Rather than write a full-blown application that includes recognition and is
robust, the WOZ approach allows a researcher to test particular concepts.
A crucial part of speech recognition
applications is error recovery. Errors can occur for two reasons: either the
user said something that is not in the grammar, or the system failed to
recognize it. In either case, the way the application handles the error is
important if you are interested in having the user try your system again.
Prompt tone and wording makes a differences
in a user’s perception of a system. What would the results be if the system
said, "What did you say?" versus "I’m sorry, I didn’t understand
you," or even "Pardon?" Although it might not affect the
functionality of the system, how the user feels about his or her experience is
important to whether they will be a return customer.
Another important area in dialog design is
helping users when they are lost. Proper wording of help prompts is crucial to
giving users a sense of where they're at in an application, and how to get to
where they need to go.
Conclusion
Natural language understanding has
been able to make important advancements in recent years. Part of its success
is due to the increased presence of speech recognition applications. The
telephone is a natural mechanism for speech recognition; people are more
comfortable speaking on the phone than to the computer on their desktop.

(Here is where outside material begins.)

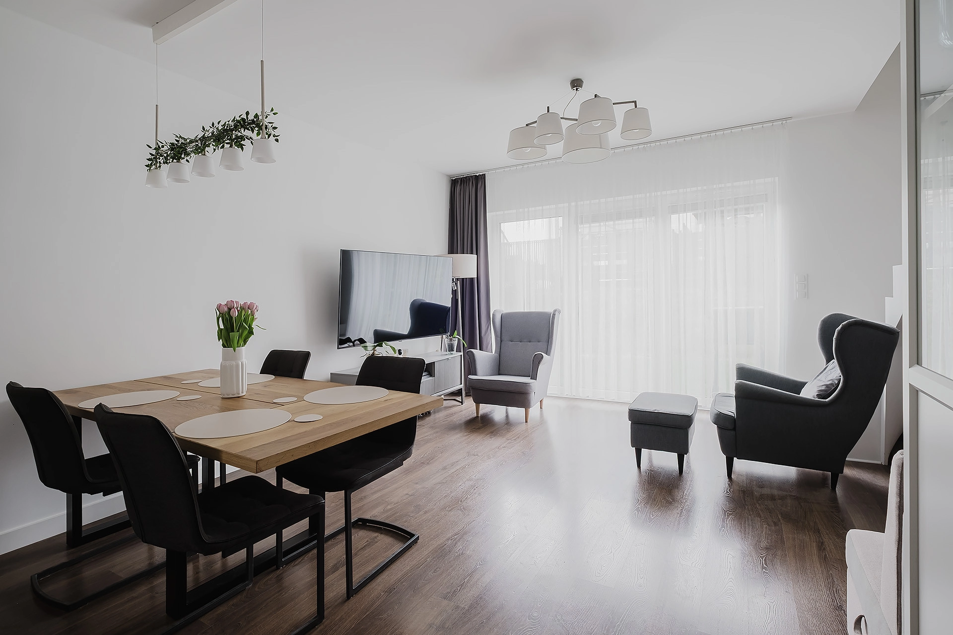 – Salon z w pełni wyposażoną kuchnią i wyjściem do ogródka 29,09 m2

Directed applications provide a more robust
framework for natural language than open-ended ones. It’s easier to find out
where someone wants to eat dinner than it is to ask "What would you like
to find on the Web?" To make a successful directed application, the dialog
flow must be smooth. Prompts must guide the user to say information the system
needs, and the grammars must encompass what users will most commonly say.
A barrier to creating these speech
recognition applications is cost and time. During an application's pilot
phases, problems are discovered and addressed. However, making changes at this
point is difficult, and time to fix problems is often not included in the
schedule. Any work up front that can eliminate basic problems will save time
and money, as well as keeping initial users less frustrated. Usability tests
can be conducted within a predetermined time, and be built into the project's
schedule.
The surest way to get your users to never
call your system again is by giving them a frustrating experience. If users
have a bad experience with one speech recognition system, they will be that
much more reluctant to try out a new one, even if it’s ten times better. If we
want natural language interfaces to succeed, we need tools to create intuitive,
robust applications.
Before writing the application and signing
off on a design dialog specification, a WOZ prototyping tool can be used to do basic
testing. Real users can respond to prompts and give valid responses that may
have not been considered. Real users will uncover awkward areas in the dialog
flow, or show confusion when prompts do not give enough information.
Such a tool could also be used for
experimentation with new methods, such as error recovery and prompt style. All
of these experiments and studies can provide valuable information for the next
time an application is designed.
The practical side is that customers need to
roll out products, and do not have the time to continuously tweak the
application after the pilot stage. Every pilot will uncover new issues and
problems, but in reality the product must be delivered, imperfections and all.
Using a prototyping tool is an up front cost that can be built into the
development cycle, and have a set completion date. With tools like these, we
can improve the development of natural language applications and create an
experience a user will want to repeat.